Classification of extremely metal-poor stars: absent region in A(C)-[Fe/H] plane and the role of dust cooling

TL;DR

This paper investigates the formation conditions of extremely metal-poor stars, emphasizing the role of dust cooling and proposing a universal criterion based on observed abundance limits and grain properties.

Contribution

It introduces a new universal condition for EMP star formation based on dust cooling, linking grain properties to observed abundance thresholds and redefining classification boundaries.

Findings

Dust cooling is essential for low-mass star formation in EMP stars.

A universal abundance condition for EMP star formation is established.

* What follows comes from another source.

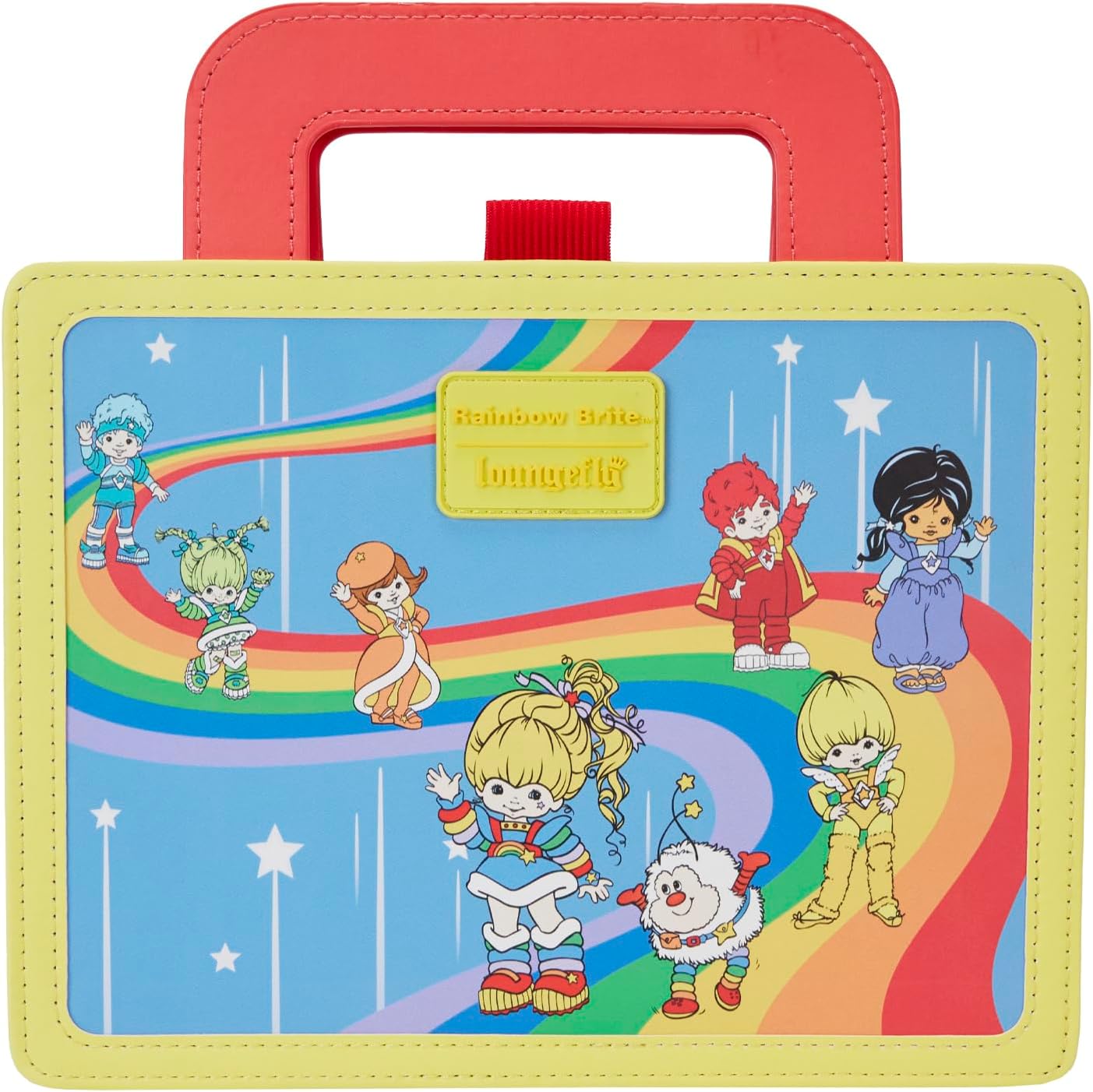 The power of the rainbow is yours! Bring color and happiness wherever you go with the Loungefly Rainbow Brite™ Rainbow Journey Lunchbox Journal. Inspired by a classic lunchbox silhouette, this notebook frames each cover with bright red handles. On the front, Rainbow Brite rides Starlite to Color Castle. Turn the journal around to see Rainbow Brite and Twink travel on a rainbow with the Color Kids. Inside, Puppy Lite, Starlite, Rainbow Brite, and Twink frame the lined notebook pages and make an encore appearance in the book’s centerfold. You’ll even find a space to write your name on the inside front cover, along with themed sticky notes in the shape of a vintage thermos! This journal has plenty of space to store your bright ideas and will inspire creativity on all your adventures.

A new boundary for classifying C-enhanced and C-normal EMP stars is proposed.

Abstract

Extremely metal-poor (EMP) stars are the living fossils with records of chemical enrichment history at the early epoch of galaxy formation. By the recent large observation campaigns, statistical samples of EMP stars have been obtained. This motivates us to reconsider their classification and formation conditions. From the observed lower-limits of carbon and iron abundances of Acr(C) ~ 6 and [Fe/H]cr ~ -5 for C-enhanced EMP (CE-EMP) and C-normal EMP (CN-EMP) stars, we confirm that gas cooling by dust thermal emission is indispensable for the fragmentation of their parent clouds to form such low-mass, i.e., long-lived stars, and that the dominant grain species are carbon and silicate, respectively. We constrain the grain radius r_i^{cool} of a species i and condensation efficiency f_{ij} of a key element j as r_C^{cool}/f_{C, C} = 10 um and r_Sil^{cool}/f_{Sil, Mg} = 0.1 um to reproduce Acr(C) and [Fe/H]cr, which give a universal condition 10^{[C/H]-2.30} + 10^[Fe/H] > 10^{-5.07} for the formation of every EMP star. Instead of the conventional boundary [C/Fe] = 0.7 between CE- and CN-EMP stars, this condition suggests a physically meaningful boundary [C/Fe]_{b} = 2.30 above and below which carbon and silicate grains are dominant coolants, respectively.